==== DATA EXTRACTS ====
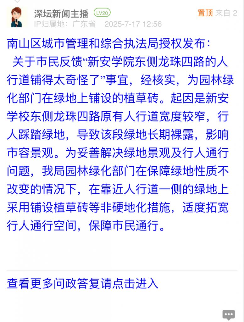 关于市民反馈“新安学院东侧龙珠四路的人行道铺得太奇怪了”事宜,经核实,为园林绿化部门在绿地上铺设的植草砖。起因是新安学校东侧龙珠四路原有人行道宽度较窄,行人踩踏绿地,导致该段绿地长期裸露,影响市容景观。为妥善解决绿地景观及行人通行问题,我局园林绿化部门在保障绿地性质不改变的情况下,在靠近人行道一侧的绿地上采用铺设植草砖等非硬地化措施,适度拓宽行人通行空间,保障市民通行。
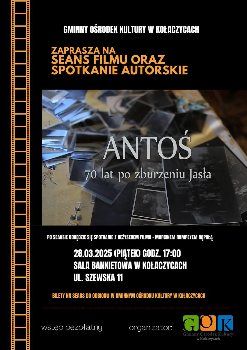 Serdecznie zapraszamy na seans filmu „Antoś – 70 lat po zburzeniu Jasła” oraz spotkanie autorskie z reżyserem Marcinem Rompeyem Rąpałą, które odbędzie się w dniu 28.03.2025 r. o godz. 17.00 na Sali bankietowej w Kołaczycach.
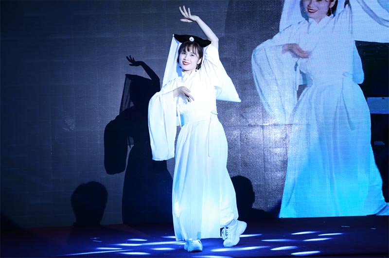 第九個(gè)節(jié)目是公司店慶舞蹈總指揮帶來(lái)的獨(dú)舞《白蛇傳說(shuō)》,優(yōu)柔舞姿,翩翩入戲
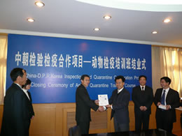 2008年11月21日,中朝检验检疫项目动物检疫培训结业典礼在中国检验检疫科学院举行。质检总局动植物检疫监管司卢厚林副司长、检科院李怀林院长、陈洪俊副院长参加结业典礼并讲话。朝鲜国家质量监督局进出口检验检疫司副司长Kil Ryon Su代表学员致辞。
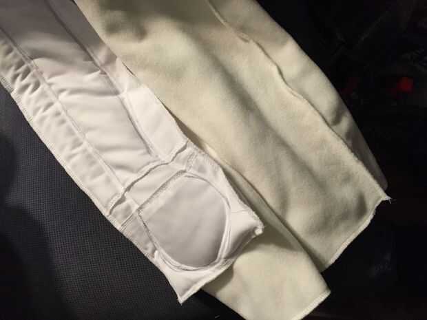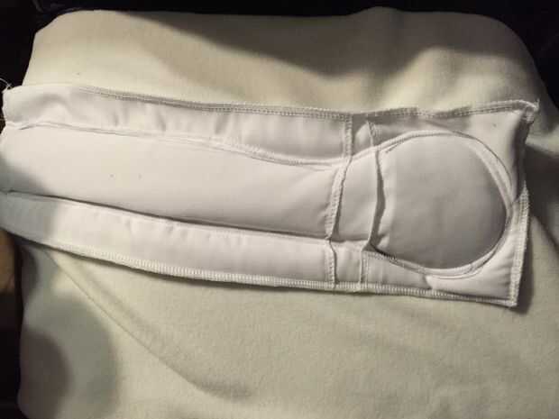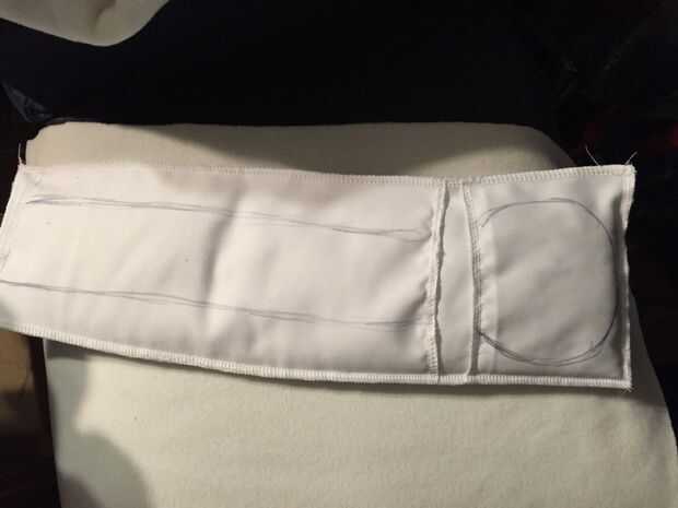 He creado algo parecido a una almohada con tela incorporados una capa de guata de relleno. Una capa adicional de tejido exterior forma un canal y un bolsillo para la franja de neopixel y anillo de neopixel.
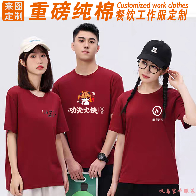 Pelayan baju kerja lengan pendek katering barbekyu hot pot restoran leher bulat kemeja iklan perkakas katun kustomisasi
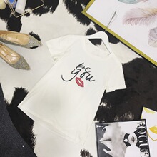 红唇t恤女2017夏季新品字母印花短袖修身上衣
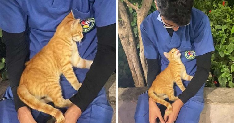 Flaty was sitting outside the hospital with his friend and colleague when a little stray kitty walked up to him, climbed onto his lap, curled up, and fell asleep.
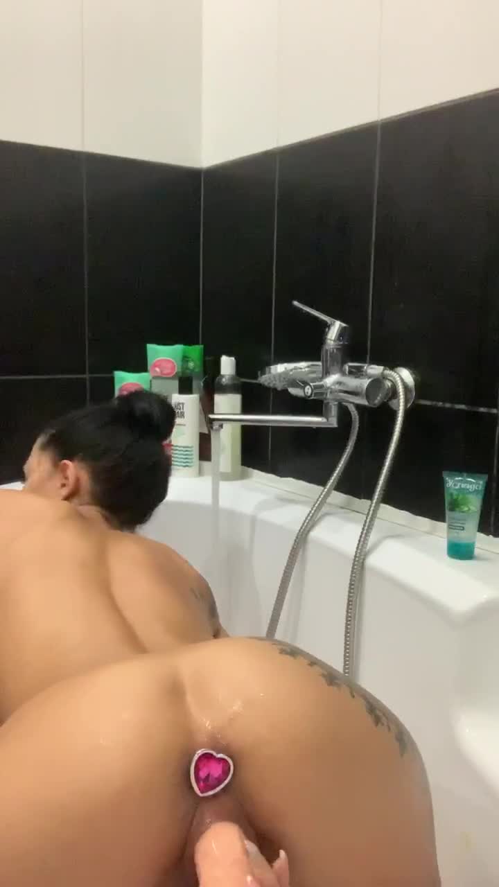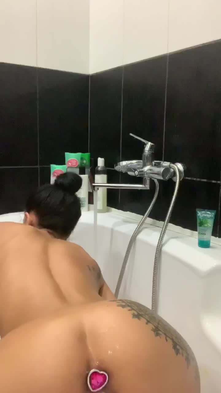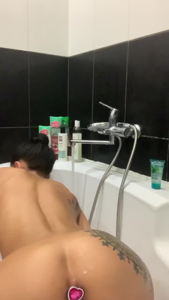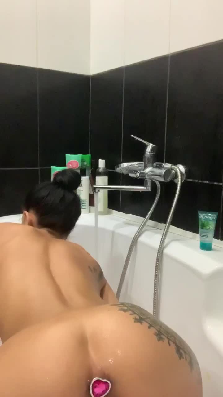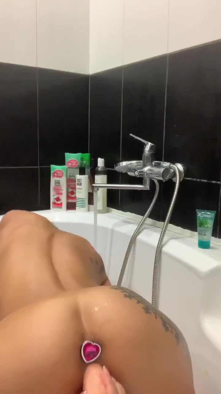 Эта анальная пробка видимо усиливает ей кайф от мастурбации пиздёнки фаллосом.
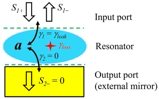 Schematic of a lossy one-port resonant system with an external mirror on the backside (that is, output port). a denotes the mode amplitude of the resonator. S1+, S1−, and S2− are the incident, reflected, and transmitted field amplitudes, respectively. γ1 (=γleak) and γ2 (=0) denote the mode leakage rate to the front side and back side of the resonator, respectively. γloss denotes the loss rate of the resonator. The green dashed lines are reference planes for the field amplitudes in the ports.
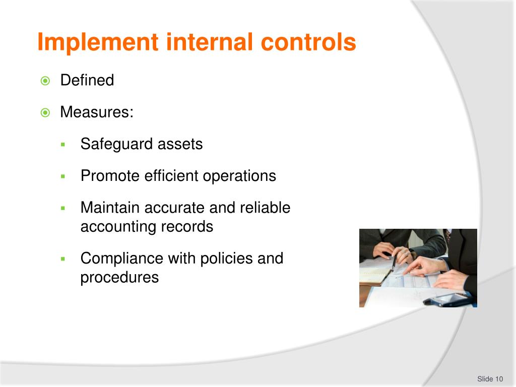 Implementinternal controls • Defined • Measures: • Safeguard assets • Promote efficient operations • Maintain accurate and reliable accounting records • Compliance with policies and procedures
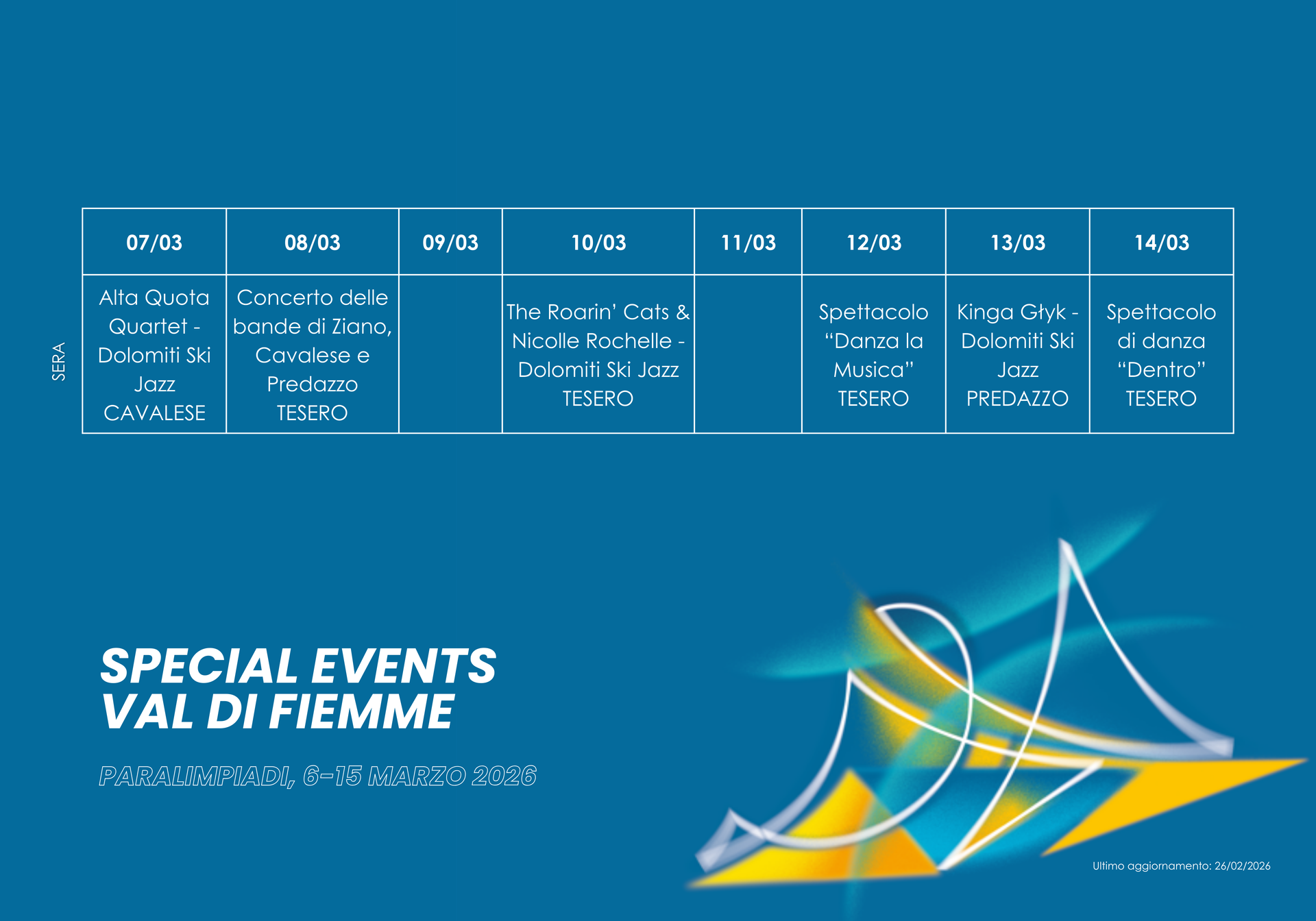 In occasione dei Giochi Paralimpici invernali di Milano Cortina 2026, la Val di Fiemme si prepara a trasformarsi in un grande palcoscenico di cultura, tradizione e divertimento. Un programma ricco di eventi diffusi animerà la valle, invitando residenti e visitatori a vivere l’energia unica dei Giochi attraverso spettacoli, mostre e performance artistiche.
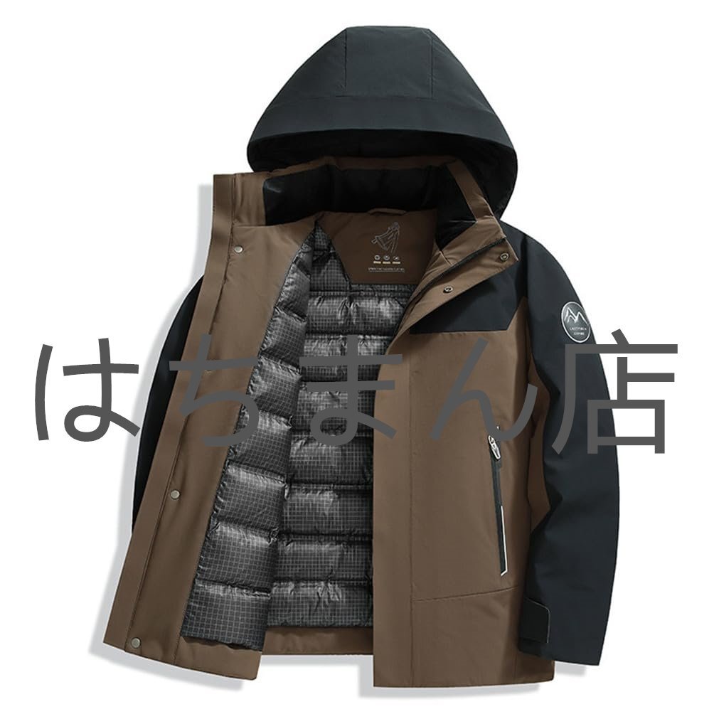 - ダウンジャケット メンズ フード付き ジャケット 厚手 ダウンコート アウター 男性 ファッション 秋 冬 防寒 防風 紳士用 ブラウン M-4XL
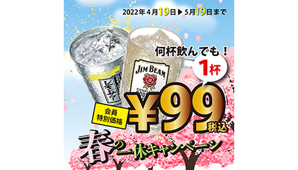 同キャンペーンでは、「こだわり酒場のレモンサワー」と「ジムビームハイボール」をオールタイム税込99円で提供する。キャンペーンの適用を受けるには、グループ全員がいずれかの一休会員であり、1名あたり別途フードを1点、ドリンクを1点注文する必要がある。
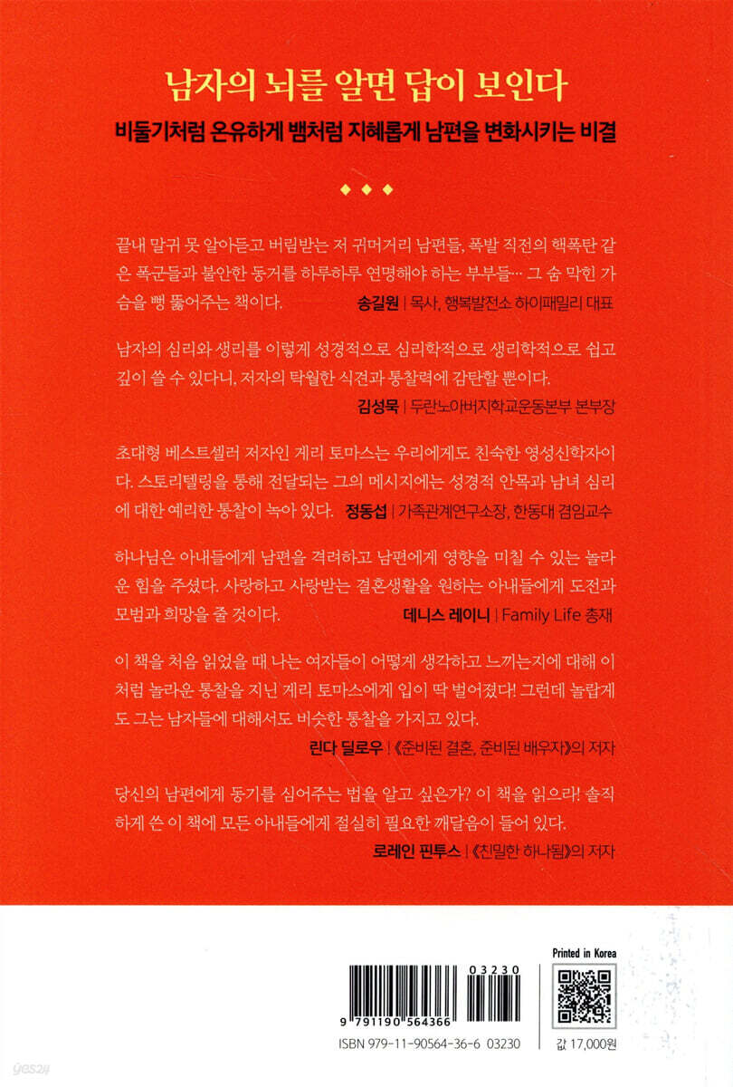 당신의 남편에게 동기를 심어주는 법을 알고 싶은가? 이 책을 읽으라! 솔직하게 쓴 이 책에 모든 아내들에게 절실히 필요한 깨달음이 들어 있다. - 로레인 핀투스 (《친밀한 하나됨》」의 저자)
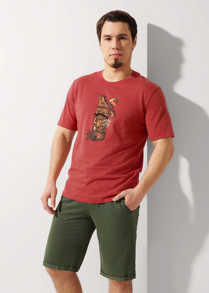 Набор мужской для дома: футболка из фактурного хлопкового полотна "флам" с округлой горловиной с игровым принтом. Шорты из фактурного трикотажного полотна "пике" на широком поясе с резинкой и регулируемым шнуром, по бокам удобные карманы.
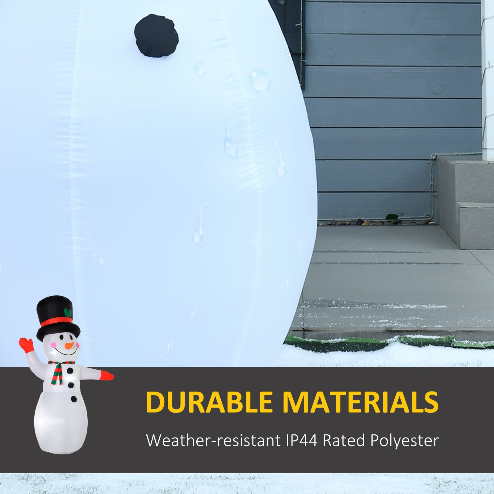 Be the envy of the neighborhood with this super fun (and super jolly) Snowman display. Since the holiday season is when things really come alive, the LED lights in this inflatable will dazzle the neighbors and help keep your yard lit. Kids, adults, neighbors, and carolers are sure to stop and marvel at this inflatable Snowman display (and isn’t showing up your neighbors what you’re really after here?). Features: – Snowman inflatable brings a cohesive Christmas display together – LED lights create a jolly, magical, and eye-catching effect – Deflates for easy storage (when you’re not dazzling your neighbors) – Includes five ground stakes, three drawstrings, and a sandbag to keep it anchored on windy nights – Certified IP44 polyester cloth is suited for indoor and outdoor use Specification: – Primary Color: White, Black – Type: Inflatable Christmas Snowman – Material: Polyester Cloth – Overall Dimensions: 66.25″ L x 31.5″ W x 94.5″ H – Input Voltage: 120 V / 60 Hz – Output Voltage: DC 12 V / 1 A – Certifications: IP44 – Item Label: 844-010 NOTE: Ensure the air blower is always connected to a power source to keep the Snowman inflated NOTE: Do not use the inflatable in heavy rain, snow, or wind. Package Includes: – 1 x Internal Fan (0.8 A) – 3 x Tether Ropes – 5 x Ground Stakes – 1 x Sandbag Create the ultimate festive Christmas display in your yard this holiday season with a HOMCOM six-foot tall inflatable featuring three cute penguins building a snowman. Designed with swirling, twirling color lights inside to project an impressive nighttime glow, this holiday decor will create a festive focal point. Self-inflating in minutes, this display plugs into any standard outlet allowing for a super simple set-up. Features: – Six-foot-tall holiday inflatable display with three cute penguins building a festive winter snowman – Four LEDs and a swirling multicolor light create an impressive nighttime glow – Self-inflates in minutes when plugged into any standard electrical outlet – Made from weather-resistant, quality polyester cloth material – Includes five stakes, three drawstrings and a sandbag to keep it anchored on windy nights Specification: – Color: Multicolor – Material: Polyester Fabric – Overall Dimensions: 55″ W x 27.5″ D x 70.75″ H – Power Cord Length: 10′ L – Rated Voltage: 220-240 V, 12 V / 1.25 A – Certification: IP44, UL NOTE 1. Ensure air blower is always connected to keep decoration inflated 2. Please don’t place it in heavy rain or snow. Package Includes: 1x 6′ Inflatable 1 x Internal Fan 3 x Tether Ropes 5 x Ground Stakes 1 x Sandbag Create the ultimate festive Christmas display this holiday season with this inflatable Snowman from HOMCOM. The Christmas inflatable is made with IP44 rated polyester cloth, so it can withstand the rain and snow. Light up your yard with the included LED lights that create a pretty and electricity saving display. Say goodbye to displays that are a hassle to set up. This outdoor inflatable automatically inflates for easy set up. Bring holiday cheer to your neighborhood with this light up Snowman. Features: – Snowman inflatable creates a festive atmosphere – 4 B2 LED light and 1 IC control colorful lights create a vibrant effect and enhances visibility at night – Includes red, blue and green flashing lights – Automatically inflates after for easy set up – 2 ground stakes, 2 drawstrings, 1 internal fan and 1 sandbag for added stability – Easily deflates for easy storage – Weather-resistant polyester cloth, certification: IP44, suitable for indoor and outdoor use Specification: – Color: White – Type: Inflatable Snowman Decoration with Street Lamp – Material: Polyester Cloth – Overall Dimension: 64.5″W x 40.5″D x 94.5″H – Product Height: 8 ft – Power Cable Length: 6.6 ft – LED Light Power: 0.48W – Fan: DC 12V/0.8A – Input voltage: 100-120V/60HZ – Output voltage: DC 12V/ 1.25A – Certification: IP44 – Item Label: 844-375V80 NOTE 1. Please don’t place it outdoor in hard rain or snow! Package Includes: – 1 x Christmas Snowman – 6 x Ground Stakes – 2 x Drawstrings – 3 x Sandbags – 1 x Manual Be the envy of the neighborhood with this super fun (and super jolly) smiling snowman family with bird and birdhouse display. Since the holiday season is when things really come alive, the white LED lights in this holiday inflatable will most definitely dazzle the neighbors and help keep your yard super lit. Kids, adults, neighbors, and carolers, are sure to stop and marvel at this inflatable snowman family display. Features: – Smiling snowman family with bird and birdhouse inflatable brings a cohesive Christmas display together – White LED lights create a jolly, magical, and eye-catching effect – Deflates for easy storage (when you’re not dazzling your neighbors) – Includes six stakes, two drawstrings and a sandbag to keep it anchored on windy nights – Certified IP44 polyester cloth is suited for indoor and outdoor use – When you’re ready to deflate, this storage bag will allow you to put the inflatable safely away for next year Specification: – Primary Color: White – Type: Inflatable Christmas Snowman Family with Bird and Birdhouse – Material: Polyester Cloth – Overall Dimensions: 86.5″ W x 35.5″ D x 82.75″ H – Power Cable Length: 9.8 ft – Sandbag Weight: 0.44 lb. – LED Light Count: 6 – LED Light Power: 0.5 W – Fan: 14.4 W/1.2 A – Input Voltage: 120 V/60 Hz – Output Voltage: 12 V/1500 MA – Certifications: UL, ETL, CSA, CEC – Item Label: 844-607V80MX NOTE: Ensure the air blower is always connected to a power source to keep the Snowman inflated NOTE: Do not use the inflatable outside in heavy rain, snow, or wind. Package Includes: – 1 x Inflatable Christmas Decoration – 6 x Ground Stake – 2 x Drawstring – 1 x Sandbag – 1 x Internal Fan – 1 x Manual Be the envy of the neighborhood with 
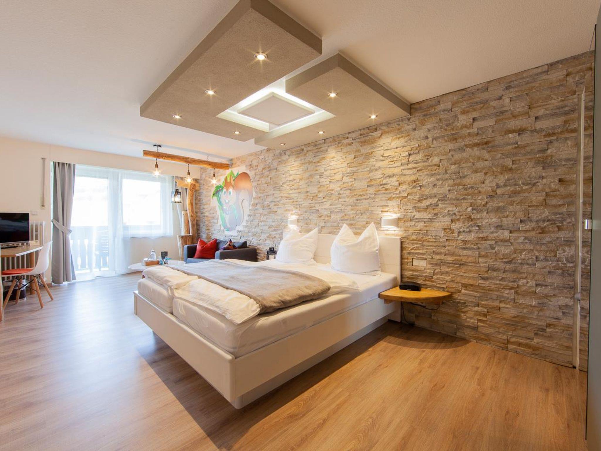 Unsere Adventure-Suite verfügt über einen großzügigen Schlaf-/Wohnbereich mit Flachbildfernseher, ein komfortables Badezimmer mit Dusche und WC inkl. Fön, sowie einen Balkon.
====
**EXERCISE DESCRIPTION**
Set the pictures aside and transcribe exactly the stretch of lines above, beginning with the one holding "In occasione dei" and ending with the one holding "당신의 남편에게 동기를".

**FINISHED EXERCISE**
 In occasione dei Giochi Paralimpici invernali di Milano Cortina 2026, la Val di Fiemme si prepara a trasformarsi in un grande palcoscenico di cultura, tradizione e divertimento. Un programma ricco di eventi diffusi animerà la valle, invitando residenti e visitatori a vivere l’energia unica dei Giochi attraverso spettacoli, mostre e performance artistiche.
 - ダウンジャケット メンズ フード付き ジャケット 厚手 ダウンコート アウター 男性 ファッション 秋 冬 防寒 防風 紳士用 ブラウン M-4XL
 同キャンペーンでは、「こだわり酒場のレモンサワー」と「ジムビームハイボール」をオールタイム税込99円で提供する。キャンペーンの適用を受けるには、グループ全員がいずれかの一休会員であり、1名あたり別途フードを1点、ドリンクを1点注文する必要がある。
 당신의 남편에게 동기를 심어주는 법을 알고 싶은가? 이 책을 읽으라! 솔직하게 쓴 이 책에 모든 아내들에게 절실히 필요한 깨달음이 들어 있다. - 로레인 핀투스 (《친밀한 하나됨》」의 저자)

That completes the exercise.